(Your assignment)
For this exercise, repeat exactly the lines below starting at the line holding "1961 y 2013 |" and ending at the line holding "Tumbled grain Italian", both included, with no extra lines and no pictures.

(Input)

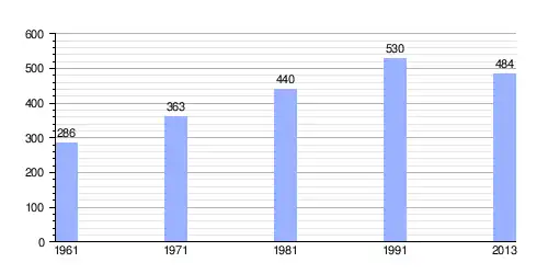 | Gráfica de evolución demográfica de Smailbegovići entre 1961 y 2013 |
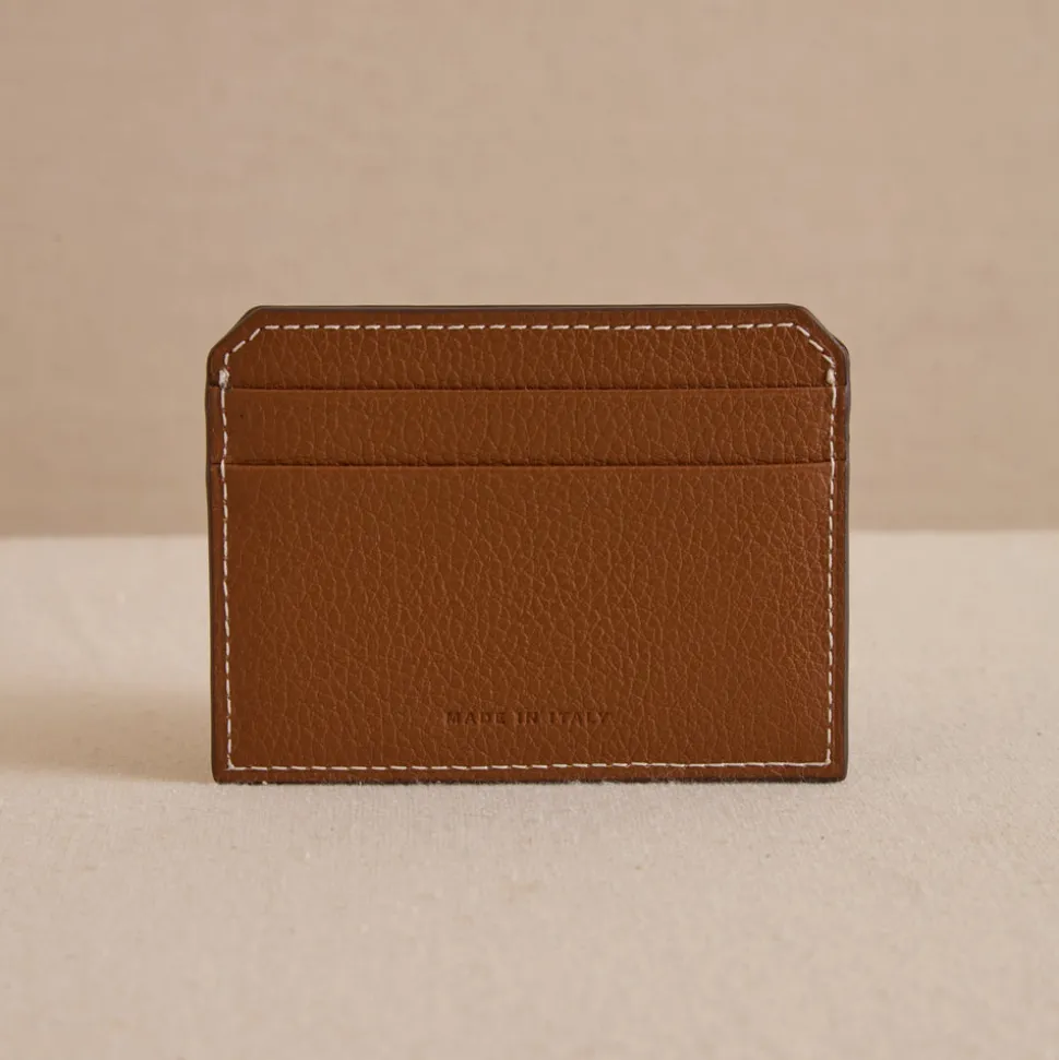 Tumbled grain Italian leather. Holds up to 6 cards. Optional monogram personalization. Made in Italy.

==

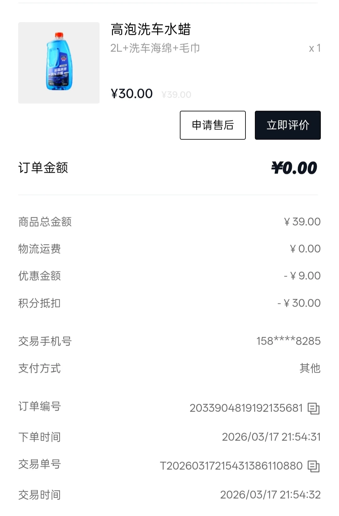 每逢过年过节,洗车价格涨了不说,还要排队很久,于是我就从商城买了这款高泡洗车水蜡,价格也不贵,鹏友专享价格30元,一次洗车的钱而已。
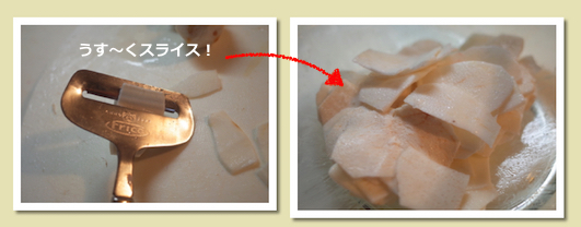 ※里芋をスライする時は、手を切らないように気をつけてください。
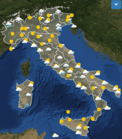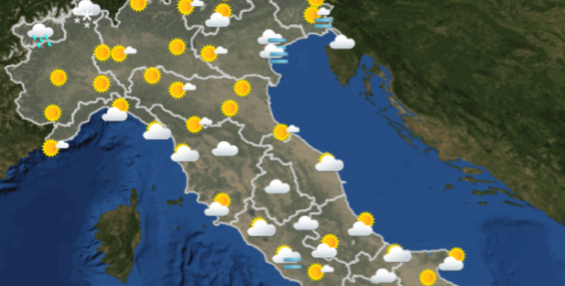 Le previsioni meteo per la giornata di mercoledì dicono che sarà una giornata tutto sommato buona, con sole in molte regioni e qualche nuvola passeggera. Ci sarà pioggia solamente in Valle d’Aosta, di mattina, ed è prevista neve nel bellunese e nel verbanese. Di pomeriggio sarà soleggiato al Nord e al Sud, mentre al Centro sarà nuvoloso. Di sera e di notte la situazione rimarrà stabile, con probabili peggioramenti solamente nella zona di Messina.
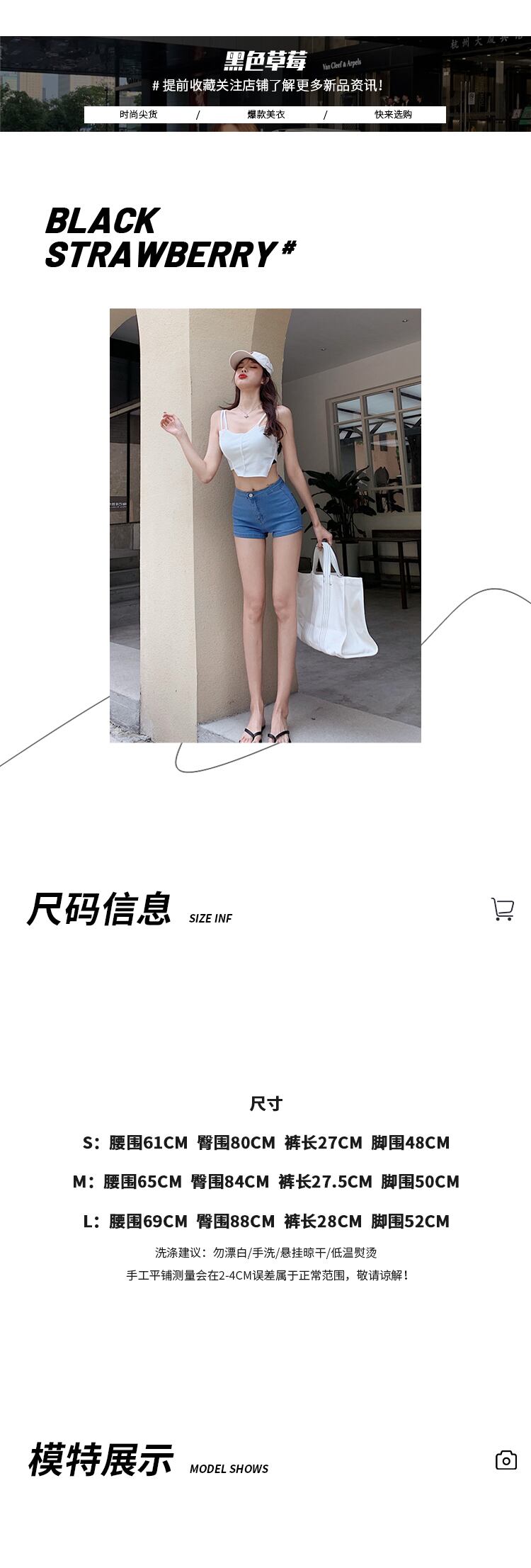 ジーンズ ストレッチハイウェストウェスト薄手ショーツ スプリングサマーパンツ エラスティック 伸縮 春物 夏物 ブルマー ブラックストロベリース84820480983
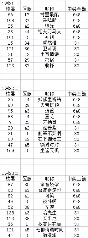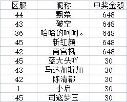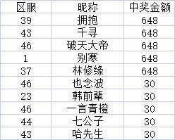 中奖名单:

(Written answer)
 | Gráfica de evolución demográfica de Smailbegovići entre 1961 y 2013 |
 Tumbled grain Italian leather. Holds up to 6 cards. Optional monogram personalization. Made in Italy.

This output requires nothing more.